In the typically Cuban way, a man pushing a food cart appeared from nowhere. He was selling flan and beer but the police made him go away after confiscating all his merchandise for themselves.

Finally, when the policeman with the megaphone was satisfied that the crowd was sufficiently safe, he turned his attention back to the hacienda. He was a short guy with shiny black hair and boots.

“Arturo Mercado, come out with your hands up,” the cop said.

The crowd went silent and then much to our surprise Uncle Arturo answered: “What is this? I’ve done nothing wrong!”

“Send out your family,” the policeman said.

“I have a right to know what this is about. Under the Cuban Penal Code all persons have a right to know what they are being charged with,” Arturo shouted.

“You are not being charged with anything, Mercado, not yet. We want to question you. Be a man, at least send out your family.”

“How do I know they’ll be safe?” Uncle Arturo said.

“Of course they will be safe. There are hundreds of witnesses.”

“Give me your word.”

The cop blanched for a moment but then recovered his poise. “My name is Captain Armando Beltre.
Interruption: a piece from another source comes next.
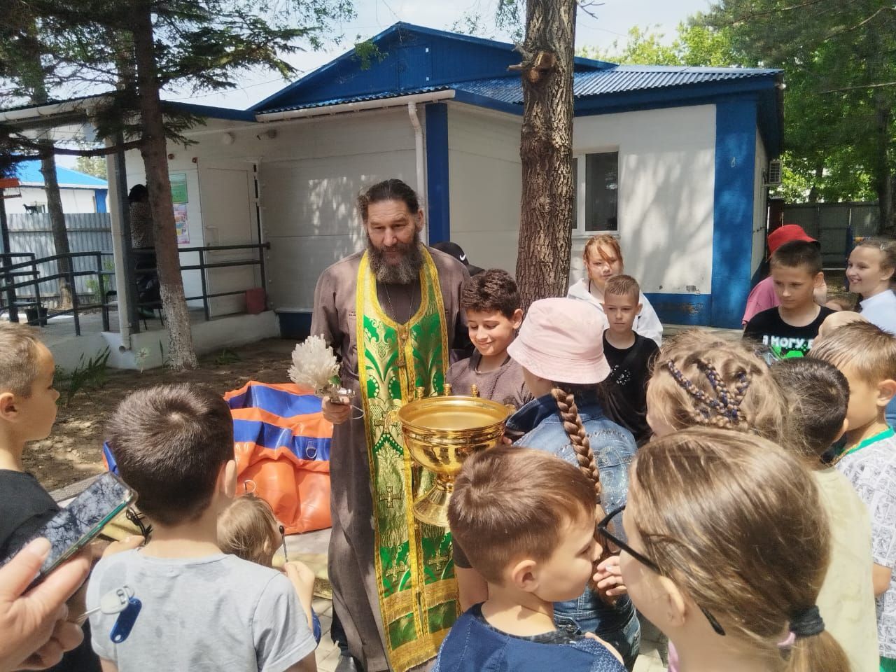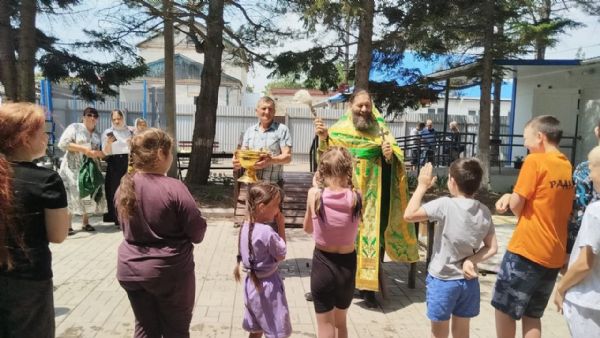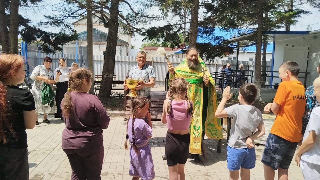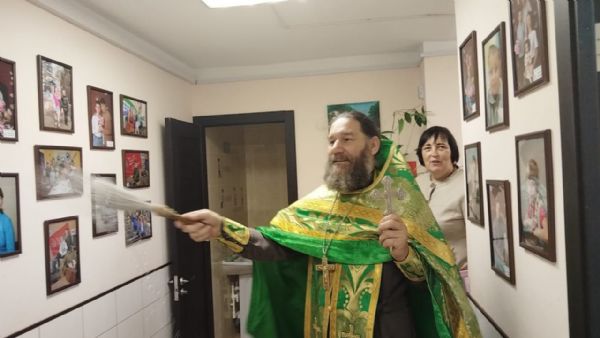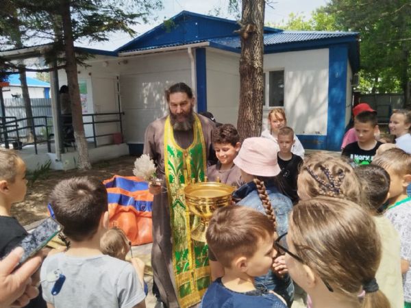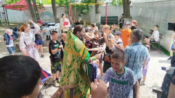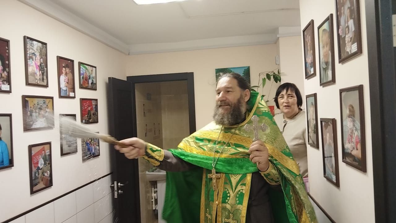 Там их с радостью ожидали маленькие прихожане. Отец Владимир отслужил водосвятный молебен, после которого окропил святой водой всех участвующих в этом Троицком торжестве. Также настоятель освятил спортивный зал и два учебных класса.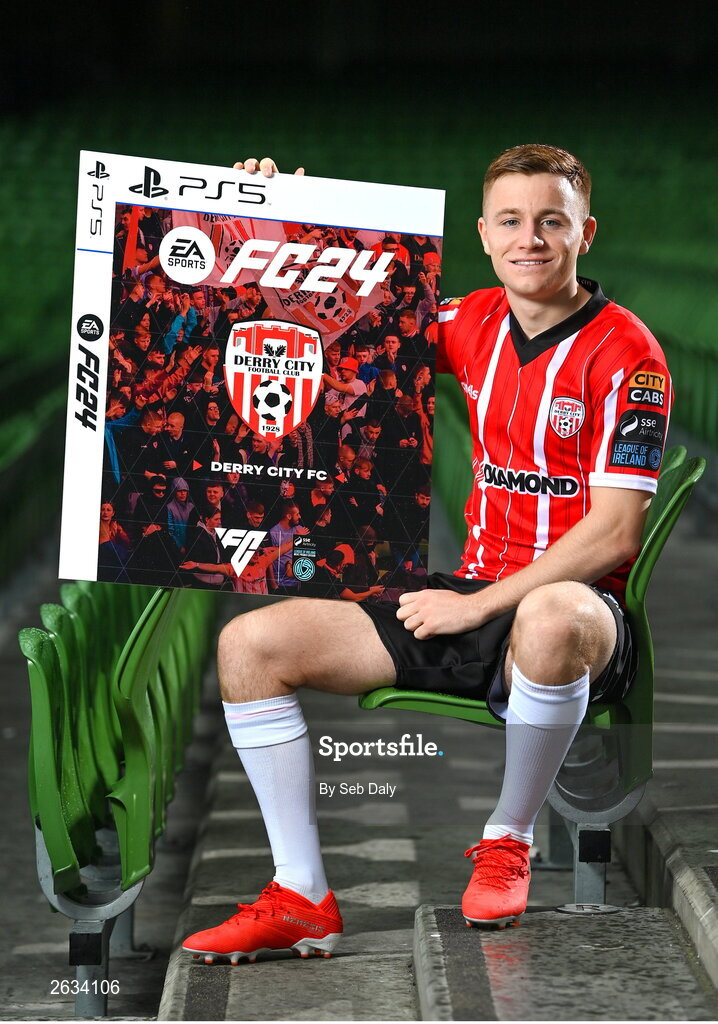 27 September 2023; Join the Club as EA SPORTS FC welcomes the SSE Airtricity League to FC 24! Featuring the individual club crest of all 10 Premier Division teams, these exclusive sleeves will be available to download free from https://www.ea.com/FC24 when the game launches worldwide this Friday, September 29th!. Pictured is Brandon Kavanagh of Derry City during the EA SPORTS FC 24 SSE Airtricity League Cover Launch at the Aviva Stadium in Dublin. Photo by Seb Daly/Sportsfile

I give you my word that if you release your family to my care, they will be unharmed.”

Five minutes later the cousins, Mom, Luisa, and Aunt Isabella came out. Everyone was carrying suitcases and bags as if they might be going away for some time. I was impressed. Uncle Arturo had clearly had some time to prepare. They walked past Captain Beltre and were grabbed by the leading edge of the police. The children were separated from the women, who were all bundled together into a police julia .

“Did you see that they took Mom to the police van?” Ricky asked.

“I did. Don’t worry. Mom didn’t do anything.”

At around midnight there was a shot from inside the house and everyone screamed. One of the policemen shot back and then another and another. The order came to cease fire. The policeman with the megaphone shouted into the house to see if Uncle Arturo was all right, but there was no answer. Not long after the shooting another older policeman turned up. He looked to be pretty high up and he seemed displeased with everything that had been going on. Immediately after talking to Captain Beltre, he ordered the street cleared. The cops and the army started moving everyone back into their houses or way down the village into the fields. The older policeman took the megaphone and said that if Uncle Arturo didn’t come out he would order the army to storm the place and Arturo would be responsible for the consequences.